ABSTRACT
Despite tremendous advances in treatment of HIV/AIDS and the decrease of HIV incidence, the overall infected
population continues to grow. Progress on prevention of HIV transmission remains far too slow. It is estimated
that 20% of new HIV infections are due to transmission from unaware infected individuals. Hence, early detection
of HIV is particularly important for lowering transmission rates. To this end, extending testing accessibility beyond
clinical settings through self-tests is highly desirable. HIV self-testing is a process in which an individual who
wants to know his/her HIV status collects a specimen, performs the test, and interprets the result in private.

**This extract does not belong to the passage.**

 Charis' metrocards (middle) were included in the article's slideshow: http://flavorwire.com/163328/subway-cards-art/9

Current HIV self-testing technologies include rapid protein tests and nucleic acid tests. The suboptimal sensitivity
of current protein tests can only support antibody detection and will miss a significant portion of acute infections.
Although nucleic acid tests can reach lower detection limit through amplification technologies such as PCR, they
will miss the information that antigens can provide. Most current research efforts on HIV self-testing are focused
on nucleic acid tests. However, there is no evidence showing that HIV RNA appears ahead of antigen. The major
technological challenge for antigen detection is that proteins cannot be amplified like nucleic acids, leading to
the widely held belief that antigen tests are relatively insensitive and therefore have a limited clinical utility.

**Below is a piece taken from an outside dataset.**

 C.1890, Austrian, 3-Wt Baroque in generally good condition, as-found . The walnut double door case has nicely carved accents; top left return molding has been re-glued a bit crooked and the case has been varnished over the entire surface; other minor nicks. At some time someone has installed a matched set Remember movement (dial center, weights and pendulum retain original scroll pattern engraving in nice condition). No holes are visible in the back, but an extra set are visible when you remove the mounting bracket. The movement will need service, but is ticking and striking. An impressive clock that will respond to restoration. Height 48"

We previously demonstrated a click chemistry amplified nanopore (CAN) assay method for ultrasensitive antigen
quantification. This assay achieved 0.5 pg/ml detection limit for HIV-1 p24 antigen and demonstrated reliable
detection in clinical samples from patients missed by nucleic acid and/or ELISA assays. Quantitative p24 results
from this method also indicated correlation between p24 and viral load, suggesting potential use for monitoring
antiretroviral therapy adherence to minimize treatment failure. Based on the CAN assay, this project aims to
develop an ultrasensitive quantitative HIV-1 p24 antigen self-test to improve early detection of acute infections
and monitoring treatment efficacy. The test will be based on a streamlined automatic device including a cost-
effective microfluidic chip for sample preparation and a nanopore reader for laypersons to test themselves using
fingerprick blood. The R61 phase will develop a self-testing device for quantification of HIV-1 p24 antigen at = 2
pg/ml in whole blood to support detection of acute infection and treatment failure. The R33 phase will perform a
clinical evaluation at the Prisma Health Immunology Center to assess the performance, usability, and
acceptability of the self-testing device. Through innovations in click chemistry amplified nanopore detection and
microfluidic sample preparation, we anticipate the test would be able to quantify HIV-1 p24 antigen at as low as
0.5 pg/ml directly from 100µl or less finger prick blood and establish correlation between p24 and viral load levels.
If successfully developed and validated, this CAN self-testing device should enable routine HIV self-testing as
simple as a blood sugar test at home to support global HIV diagnostic and therapeutic efforts.